Career as a Data Scientist

With millions of Big Data job opportunities globally, the post of data scientist has emerged as the hottest job of the decade. You can have a successful career in data science if you have the necessary qualifications. Individuals with the right skill set will continue to be in high demand, and those who are presently in data science professions will see their incomes rise in the future.

Income estimates based on 7,491 salaries posted anonymously to Glassdoor by Data Scientist employees show that the national average salary for a Data Scientist in India is ₹ 11,70,000.  Oracle, Apple, Microsoft, Booz Allen Hamilton, State Farm, Walmart, and other well-known companies regularly post job openings for data scientists.

Data Scientists are still one of the fastest growing occupations, ranking in the top 20 positions in India for the year 2022 and according to LinkedIn, there are 20,000 plus Data Scientist jobs available in India.

Career as a Data Analyst

Data analyst works at the crossroads of information technology, statistics, and business. When it comes to data analyst careers, they are in high demand in practically every industry. Because the profession is so important to corporate success, the majority of companies require a data analyst, and job prospects are plentiful.

Data analytics is a branch of business intelligence that includes statistics, sociology, communication, and computer science. These practitioners must be numerical specialists as well as effective communicators with the ability to think abstractly. These analysts should collaborate closely with the project manager to aid in project planning.

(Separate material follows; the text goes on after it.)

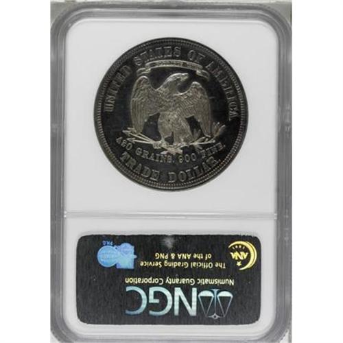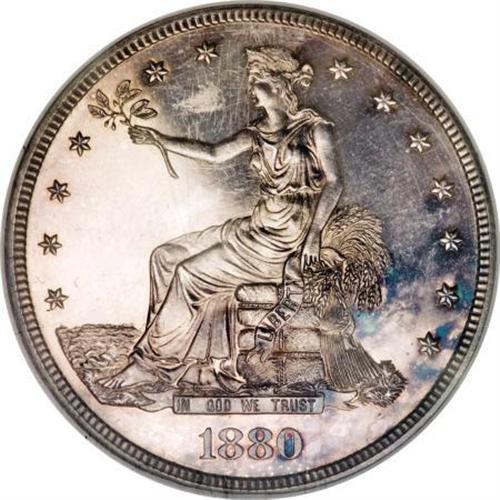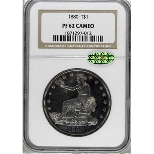 <B>1880 T$1 PR62 Cameo NGC. CAC.</B></I> This upper-end coin shows deeply reflective proof fields with light, mottled violet and blue toning on the obverse and pale golden over the reverse. The devices are noticeably frosted, which gives the piece a strong cameo effect on each side. Light hairlines and a few minor contact marks account for the grade. <BR><I>From The Queller Family Collection of Silver Dollars.</B></I><BR><BR><b>Shipping:</b> Coins & Currency (<a target="_blank" href="http://www.heritageauctions.com/common/shipping.php">view shipping information</a>)

In terms of employment vacancies, it is acceptable to prioritize data analytics above data science. According to LinkedIn, there are over 37000 job vacancies for data analysts across various firms and sectors. However, the data analyst salary might be less than the data scientist's. Based on 10,256 anonymous salary reports submitted to Glassdoor by Data Analyst employees from various organizations and industries, the estimated national average pay for a Data Analyst in India is 6,00,000.

Data Science vs Data Analytics - How to choose?

Data scientists are often far more technical, needing a mathematical mentality, whereas Data Analysts adopt a statistical and analytical approach. A Data Analyst's employment is more of an entry-level position in terms of career. Companies are looking for Data Analysts with good expertise in statistics and programming.

Data analysts often have a bachelor's degree in a science, technology, engineering, or math (STEM) subject, as well as a master's degree in analytics or a related discipline. They also have experience in math, science, programming, databases, modeling, and predictive analytics, whereas data scientists are primarily concerned with inventing and building new data modeling and production processes. They sift through data using techniques such as data mining and machine learning and generally have master’s level degrees.

Choose regardless of your educational background, because learning and further education may be obtained afterward, that is not a big deal. In any case, knowing which occupation matches your own interests can give you a better notion of the type of work you'll love and likely thrive at. Take the time to consider this aspect of the equation, as matching your work to your interests can go a long way toward keeping you satisfied in your career for years to come.


In this blog, we looked at the difference between data science and data analytics. As we've seen, Data Science and Data Analytics are two sides of the same coin, with functions that are inextricably interwoven. You're in luck if you're looking for a new job either in data analytics or data science. Whatever discipline seems right for you, both professions are in high demand, and this trend does not appear to be changing anytime soon.